Limitations & Future Work

  • Open-source model experiments were primarily focused on Qwen3 and DeepSeek-R1-Distill series, excluding larger models like Qwen3-235B-A22B.
  • The set of persuasive perspectives is limited; only a few were tested. A more systematic search of grammatical and discourse strategies might yield stronger compression but could also introduce complex safety risks.
  • The primary development set is based on mathematical reasoning. Although out-of-domain results were provided, verification is needed for tasks like coding, legal, and medical domains.
  • The method relies on development set evaluations where each candidate requires actual model calls; search costs remain a concern for expensive closed-source APIs.
  • Certain "threat" or "emotional" prompts may not be appropriate in a product context; future work should explore more neutral and auditable persuasive patterns.
  • vs. SFT / RL Length Penalty: Training-based methods can change the model distribution but require compute and data; Whisper is a plug-and-play black-box method that does not modify weights.
  • vs. DEER / Activation Steering: White-box methods use internal states to early-stop or compress CoT but are inapplicable to closed APIs; Whisper only requires input-output access.
  • vs.

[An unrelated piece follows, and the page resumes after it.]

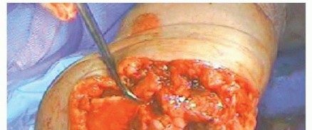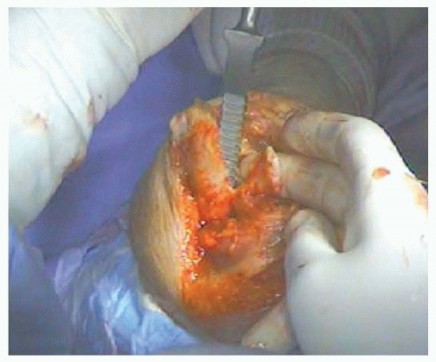 TECH FIG 1 • After skeletonizing, the distal humerus entry into the medullary canal is gained with a rongeur, removing bone from the articular surface in line with the midpoint of the olecranon fossa.

BeConcise / Chain-of-Draft: Simple short-answer instructions usually yield limited compression or harm accuracy; Whisper finds more robust suffixes through automated search and accuracy constraints.

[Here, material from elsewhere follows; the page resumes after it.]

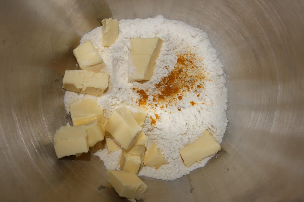 - Le lendemain, préparer la pâte brisée en mettant la farine, le curcuma, le piment fort et le beurre froid coupé en cubes dans un bol.
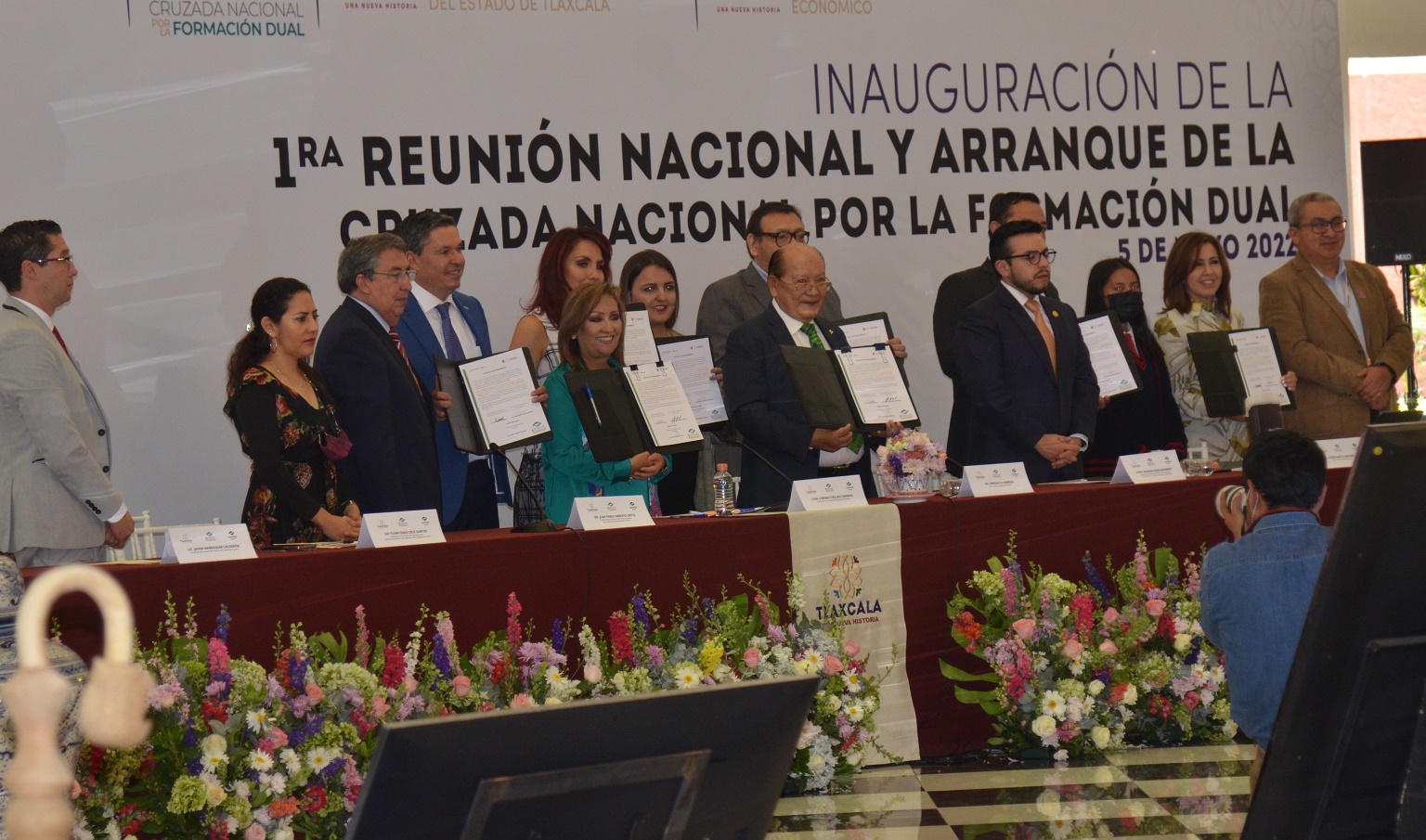 Acompañada de funcionarios federales y estatales de educación, así como de representantes del empresariado, la gobernadora Lorena Cuéllar dio banderazo este martes en el centro de convenciones “Joaquín Cisneros Molina” de Tlaxcala capital a la Cruzada Nacional por la Formación Dual y la primera reunión del año de los directores generales del Conalep.

  • Insight: Reasoning systems can treat "whether long-form thinking is required" as a controllable strategy. Compressing simple samples via Whisper-style suffixes while retaining long reasoning or using verifiers for difficult samples may be more economical than a universal CoT approach.

Rating

  • Novelty: ⭐⭐⭐⭐☆ The application of persuasive prompting to reasoning efficiency is a fresh perspective; the method itself is a lightweight prompt search.
  • Experimental Thoroughness: ⭐⭐⭐⭐☆ Covers open/closed source models, multiple benchmarks, and transfer analysis, though more massive models and task domains could be included.
  • Writing Quality: ⭐⭐⭐⭐☆ Problem definition is clear and tables are informative, though some persuasive examples require the reader to judge product acceptability.
  • Value: ⭐⭐⭐⭐⭐ Extremely practical for LRM applications sensitive to API costs and latency, especially where model weights cannot be modified.